Where it goes south is that the professors of these young Americans have fed them the "party line"--that everything in life is a zero-sum game.  For those under 30 or so, that means that the ONLY way for one party to "win" something is for another party to lose exactly the same quantity.

The seductive thing about this model is that in some areas it's so obviously true.  For example, when countries are fighting over territory, one nation's gain must be matched by an identical loss on the other side.  Similarly for politics:  If one side gains seats, another side must lose the same number.  Earnest (but naive) young people instantly recognize both these examples, so they logically assume those models are valid for...well, everything.

But as should be obvious to educated people, lots of things don't obey the zero-sum model.

"Wait...It seems so obviously true.  So when doesn't it apply?"

Thanks for asking.  Take the example of an experimenter who develops the 4-stroke piston engine.  He patents it.  Entrepreneur licenses the patent, builds a plant, buys lathes and boring machines and forges and builds engines based on that patent.  Voila!--automobiles.

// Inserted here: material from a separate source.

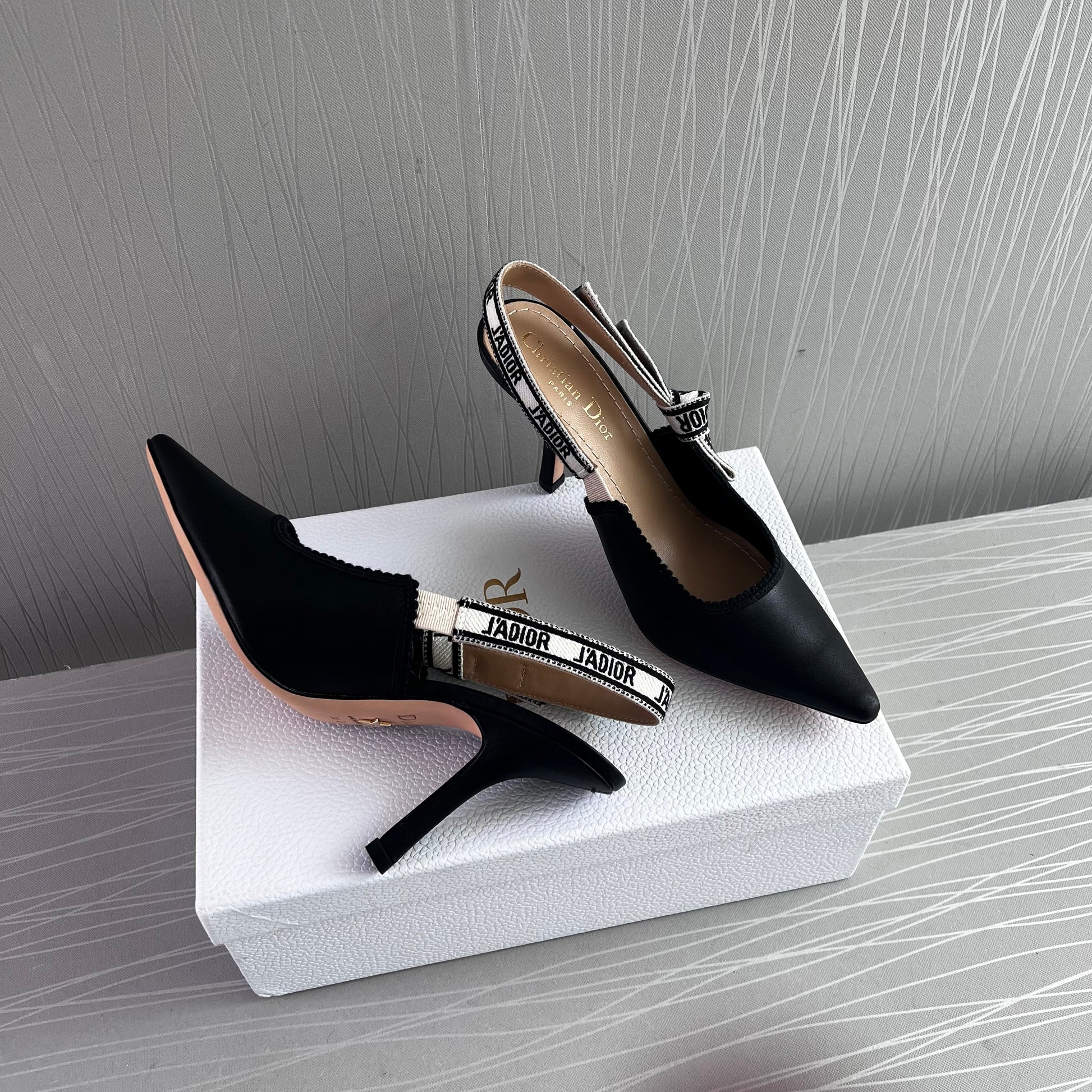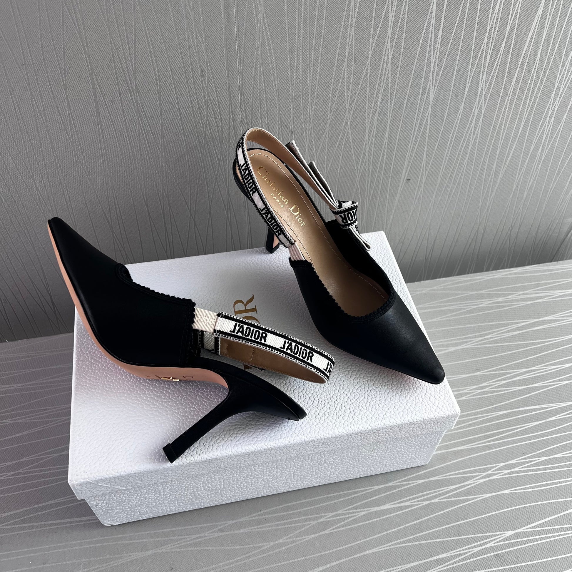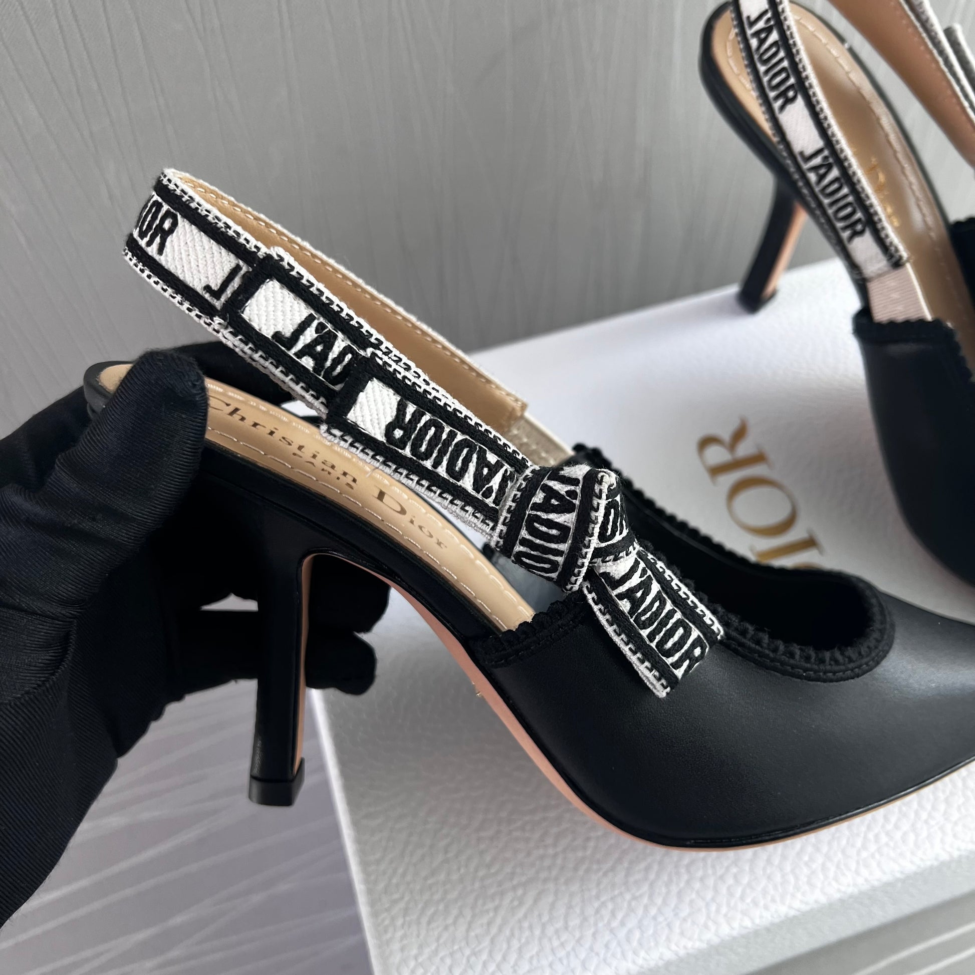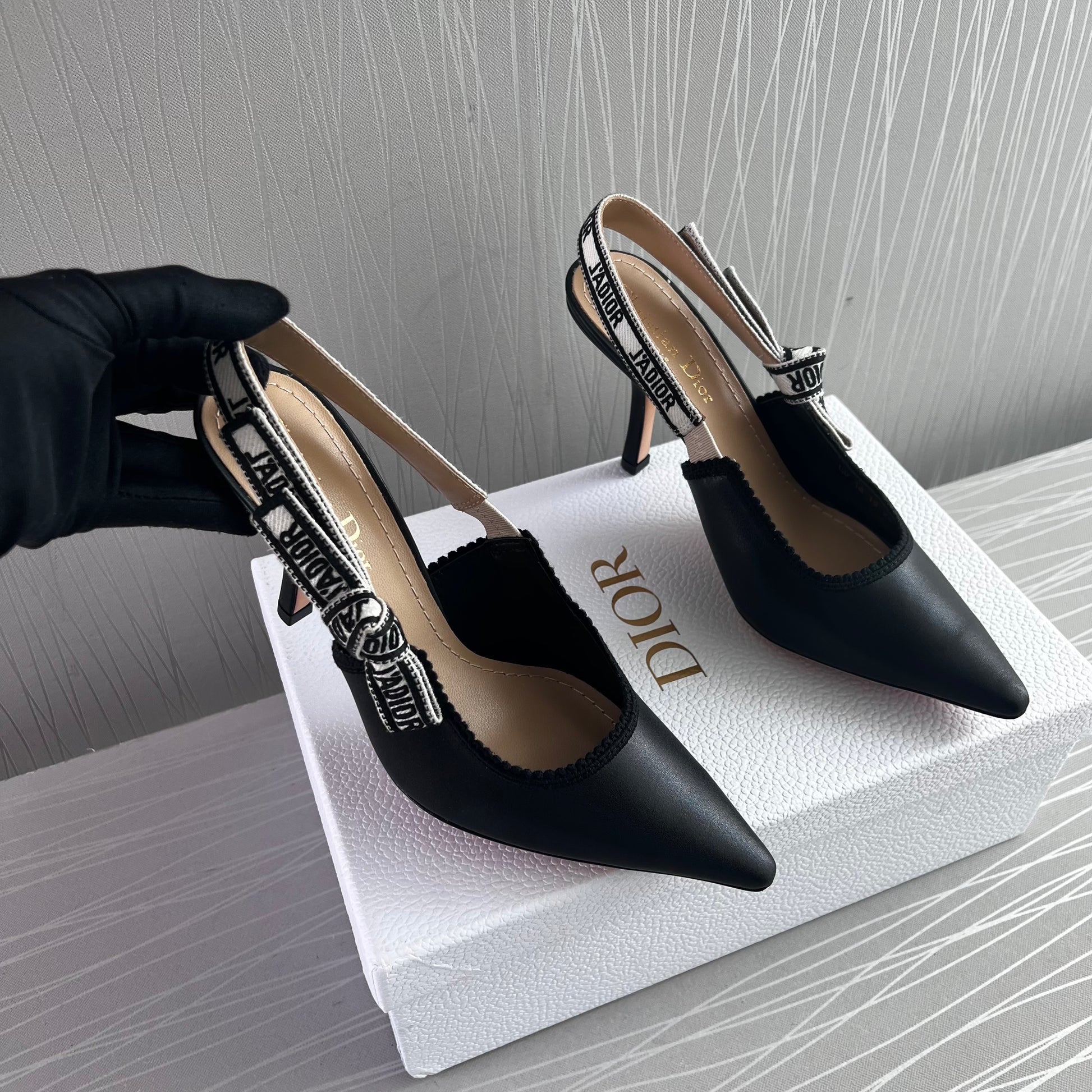 Zapatillas D piel color negro combinada con listón bordado en blanco y negro. Altura del tacón 10 cm. Incluye caja, cubrepolvo.

Has society gained a huge amount?  Sure.  So who lost, to offset this gain, so as to maintain the zero-sum?

Two brothers from Ohio experiment with wings.  They add a 4-stroke engine, and on December 17th, 1903 they make the first documented heavier-than-air flight.  Twenty-four years later a single pilot flies non-stop from New York to Paris.  Twenty years after that, commercial passenger service across the Atlantic.

Did humans gain something of huge usefulness?  Sure.  So who lost?

In 1947 Shockley et al--building on the work of others back to 1920--invented the transistor.  It was clunky but definitely a huge advance.  Eleven years later an entrepreneur morphed that into a silicon-based "integrated circuit"--with conductors engraved by light, containing a whopping five transistors.

Using essentially the same process, your smart-phone now puts a Billion transistors on a single chip.  More elaborate integrated circuits contain 15 Billion transistors on a single chip.

Think that's a huge win for humans?  You bet.  So who lost to make that win possible?

Hopefully you get it.

But the Left either doesn't, or claims not to.  They're stuck in an obsolete paradigm--the zero-sum model.  But as they see it, anyone who doesn't agree with 'em is "a tool of the Establishment" or some such bullshit.

So the next time you hear some socialist asshole spouting that the U.S. is evil, or free markets are a "tool of the capitalist oppressors," ask to borrow his smart-phone.  Then throw it on the pavement as hard as you can, and stomp on it.  When he or she screams at you and asks why you did it, tell 'em you wanted to free them from oppression.

Okay, obviously just kidding.  But gently remind them that "zero-sum" is a model for children.